Followed below steps to add new json plugin into PXF and read data.
Download plugin "json-pxf-ext-3.0.1.0-1.jar" from https://bintray.com/big-data/maven/pxf-plugins/view#
Copy the plugin into path /usr/lib/pxf.
Create External table
CREATE EXTERNAL TABLE ext_json_mytestfile ( created_at TEXT, id_str TEXT, text TEXT, source TEXT, "user.id" INTEGER, "user.location" TEXT, "coordinates.type" TEXT, "coordinates.coordinates[0]" DOUBLE PRECISION, "coordinates.coordinates[1]" DOUBLE PRECISION) LOCATION ('pxf://localhost:51200/tmp/hawq_test.json' '?FRAGMENTER=org.apache.hawq.pxf.plugins.hdfs.HdfsDataFragmenter' '&ACCESSOR=org.apache.hawq.pxf.plugins.json.JsonAccessor' '&RESOLVER=org.apache.hawq.pxf.plugins.json.JsonResolver' '&ANALYZER=org.apache.hawq.pxf.plugins.hdfs.HdfsAnalyzer') FORMAT 'CUSTOM' (FORMATTER='pxfwritable_import') LOG ERRORS INTO err_json_mytestfile SEGMENT REJECT LIMIT 10 ROWS;
When execute the above DDL table create successfully.

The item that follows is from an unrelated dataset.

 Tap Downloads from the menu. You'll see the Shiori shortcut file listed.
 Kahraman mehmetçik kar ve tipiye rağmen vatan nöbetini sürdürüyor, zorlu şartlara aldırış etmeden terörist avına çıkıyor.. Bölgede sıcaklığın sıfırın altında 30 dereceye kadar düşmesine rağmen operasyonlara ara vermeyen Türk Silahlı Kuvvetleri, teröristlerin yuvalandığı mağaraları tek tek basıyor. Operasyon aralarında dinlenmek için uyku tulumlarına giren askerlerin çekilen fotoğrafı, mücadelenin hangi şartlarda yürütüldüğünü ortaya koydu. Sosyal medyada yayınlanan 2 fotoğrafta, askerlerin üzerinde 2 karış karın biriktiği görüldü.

After that trying to execute select query
select * from ext_json_mytestfile;
But getting error: -
ERROR: remote component error (500) from 'localhost:51200': type Exception report message java.lang.ClassNotFoundException: org.apache.hawq.pxf.plugins.json.JsonAccessor description The server encountered an internal error that prevented it from fulfilling this request. exception javax.servlet.ServletException: java.lang.ClassNotFoundException: org.apache.hawq.pxf.plugins.json.JsonAccessor (libchurl.c:878) (seg4 sandbox.hortonworks.com:40000 pid=117710) (dispatcher.c:1801) DETAIL: External table ext_json_mytestfile
Any help would be much appreciated.